Лавиния пишет божественные письма. Я плачу и смеюсь. Ощущение собственного ничтожества тотчас покидает меня, стоит мне пробежать пару строчек, сочиненных ею. Слава богу, что хоть ее не разжаловали в солдаты. Хочу поделиться с нею своими планами, но как только прикоснусь пером к бумаге, сразу же возникает передо мной почти позабытое лицо Приимкова, и я вижу, как он грозит мне пальцем и восклицает: «Вы с ума сошли, чтоб не сказать хуже! Вы что, забыли, где живете? Да ваши мысли немедленно станут достоянием полковников фон мюфлингов!» Нет, ваше сиятельство, я не эабыл, я осторожен, я коварен, я начеку, я истинный солдат. Хорошо, что Лавинию не разжаловали в солдаты. Когда–то я предал Александрину… Мне нужна одежда… Ходил по воскресному базару. Какой–то чечен предлагал почти бесплатно старый сюртук. Наверное, снял с убитого. Хотел купить, но передумал… Я отправлюсь пешком до ближайшей станции, там пристроюсь к дилижансу. Я мог бы уже сейчас нарисовать волшебную картину своего тайного пребывания в убежище, предназначенном мне Марией Амилахвари, но как говорят солдаты: «Загад не бывает богат». Молчи, Мятлев, притворяйся счастливым и храбрым, носи ружье с достоинством, ставь ногу твердо, стреляй в живых, пей спирт на поминках!… Я мог бы уйти в горы и сдаться Шамилю, обворожить его, сделаться его кунаком, получить коня, черкеску, бурку, золотое оружие, а затем ускакать в Персию и оттуда отправиться в Европу… я мог бы, когда бы в этом было хоть немного трезвого смысла. Прощай, Шамиль, тебе не угрожает ни моя преданность, ни моя неверность… Мне нужны одежда и деньги».
«…апреля 24…
…Какой сюрприз!
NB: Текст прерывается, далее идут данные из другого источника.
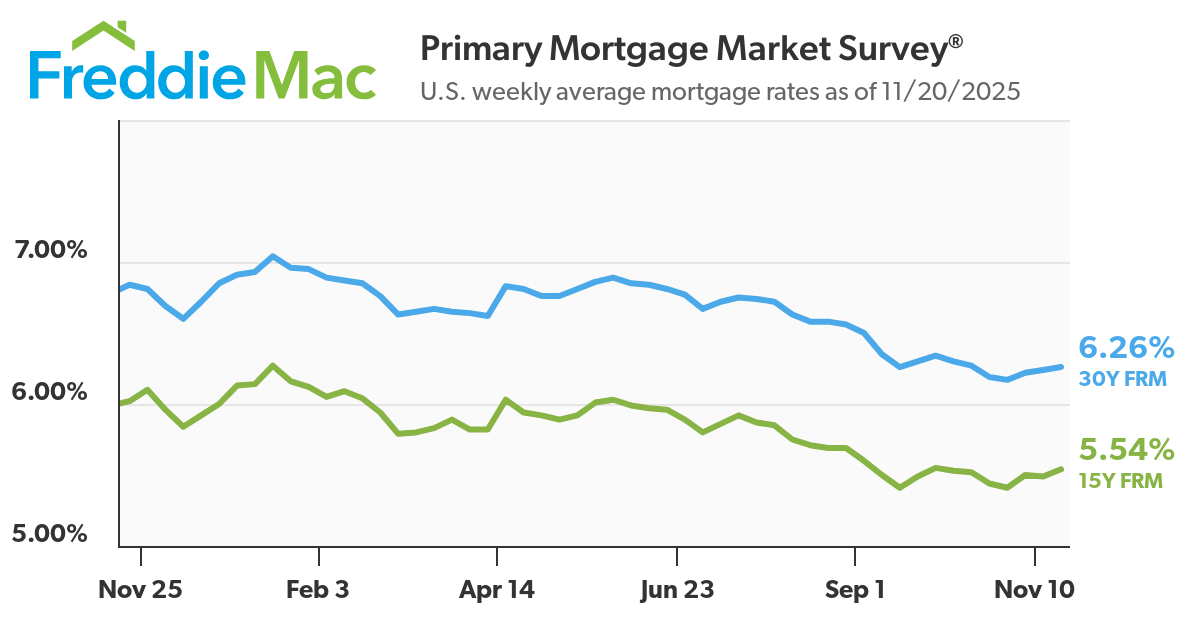 According to Freddie Mac's Primary Mortgage Market Survey, the 30-year fixed mortgage rate (30Y FRM) rose slightly to 6.26% as of the week ending October 30. This rate is down 0.58 points from one year ago at 6.84%.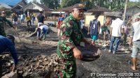Pasca Kebakaran Danramil 01/Pc. Soal Pimpin Anggota Bersihkan Puing-Puing Sisa Kebakaran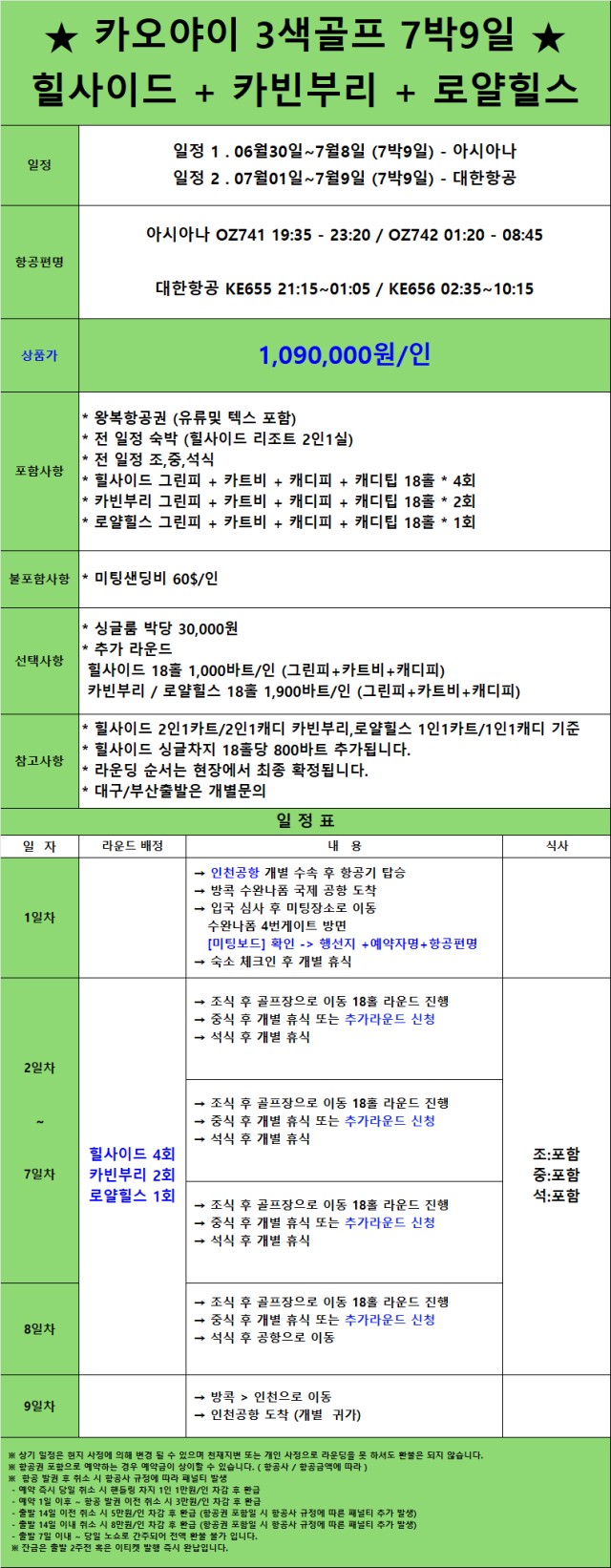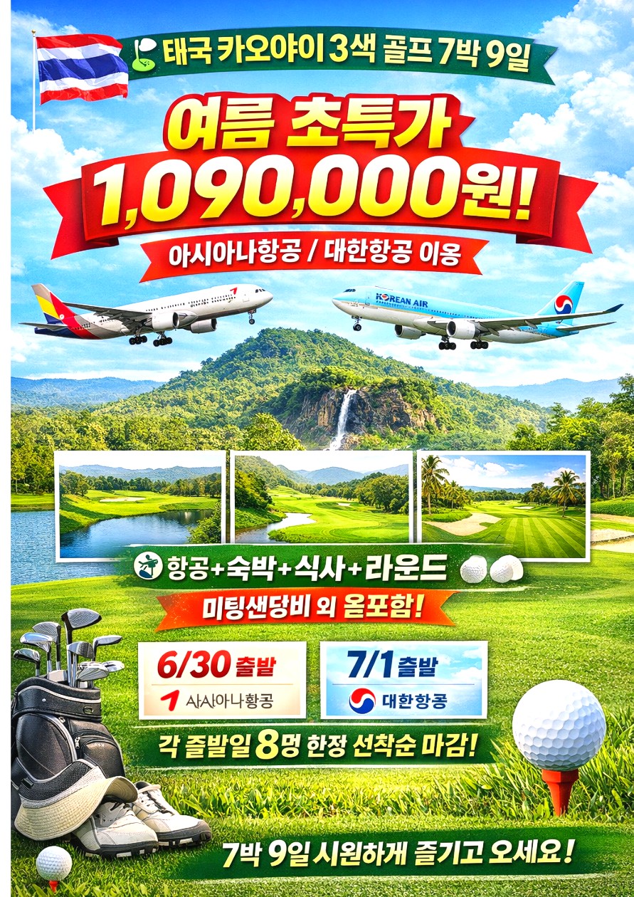 6~7월⛳ 태국 카오야이 3색 골프 7박 9일 올포함 특가! 1,090,000원 💎지정일특가 OZ,KE항공 샌딩비외 올포함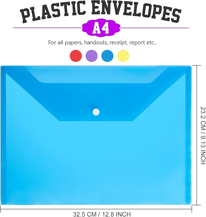 - Convenient Snap Closure: Each plastic folder has a snap closure, make it pretty easy to open and close the envelope, and help you get what you need quickly. Note: Any problems, please feel free to let us know, we’ll be at your service with heart and soul.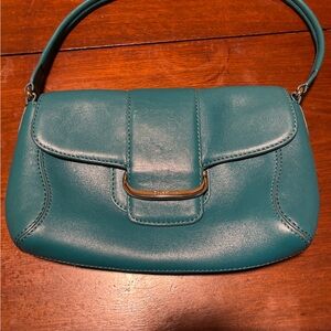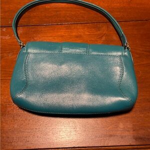 Elegant turquoise leather handbag by Cole Haan. Includes interior zip pocket.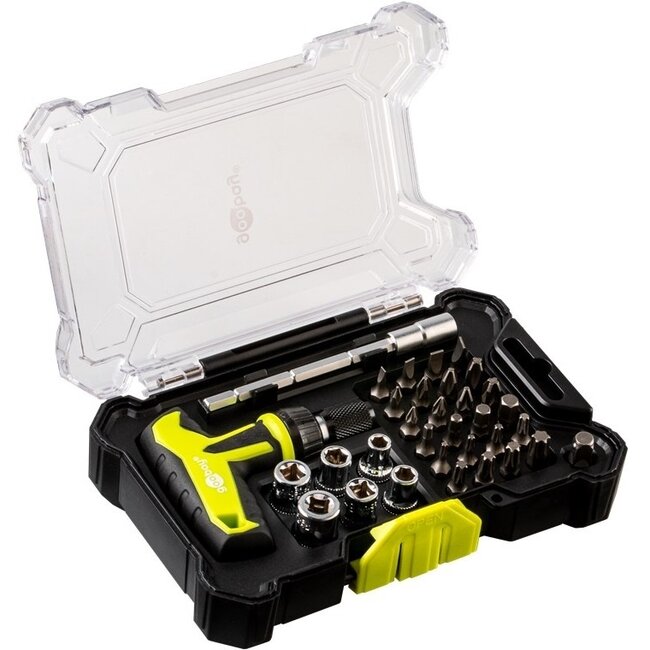 - Set enthält 24 Bits, 6 Steckschlüssel, 1 Bit-Verlängerung, 1 Steckadapter, 1 T-Ratschen-Schraubendreher und eine Aufbewahrungsbox

Вчера под вечер распахиваются крепостные ворота и вваливается очередное войско, чуть поболее роты, чистое, нетронутое, горластое, предводительствуемое… Мишкой Бергом! Над новичками принято здесь подтрунивать, но Мишку Берга с его золотым оружием хорошо знают, поэтому и остальных оставили в покое. Мы встретились как родные братья. Как странно. Он выглядит еще взрослее, чем в Тифлисе, еще обветреннее. Ему определили чью–то замызганную квартиру с непременной деревянной тахтой в большой комнате. Там вечером мы и сошлись. Обо мне все ему было известно. «Я не придаю значения, – заявил он, – беру вас к себе в роту, и плевать на все!» Чудо. У меня немного отлегло: все–таки свой, и прошлое у нас кое–какое, да и Лавинию он знает… Вместе с ним, натурально, прибыл и Коко Тетенборн, который еще в Тифлисе, наскучив интендантством, решил зарабатывать золотое оружие. Вскоре пришел и он сам с поредевшими кудрями. Мы обнялись, и он сказал, сияя: «Тут же, не отходя далеко, встретил одну юную госпожу, с которой очень быстро, по–боевому, завязал тесную дружбу!» – «Ну, это еще поглядим», – мрачно пробубнил Берг. Я понял, что дело касалось Адели. Коко, не смущаясь, выражал восхищение всем увиденным и тут же спросил меня: «А вам не бывает страшно, когда по вас палят? Вы как переносите?…»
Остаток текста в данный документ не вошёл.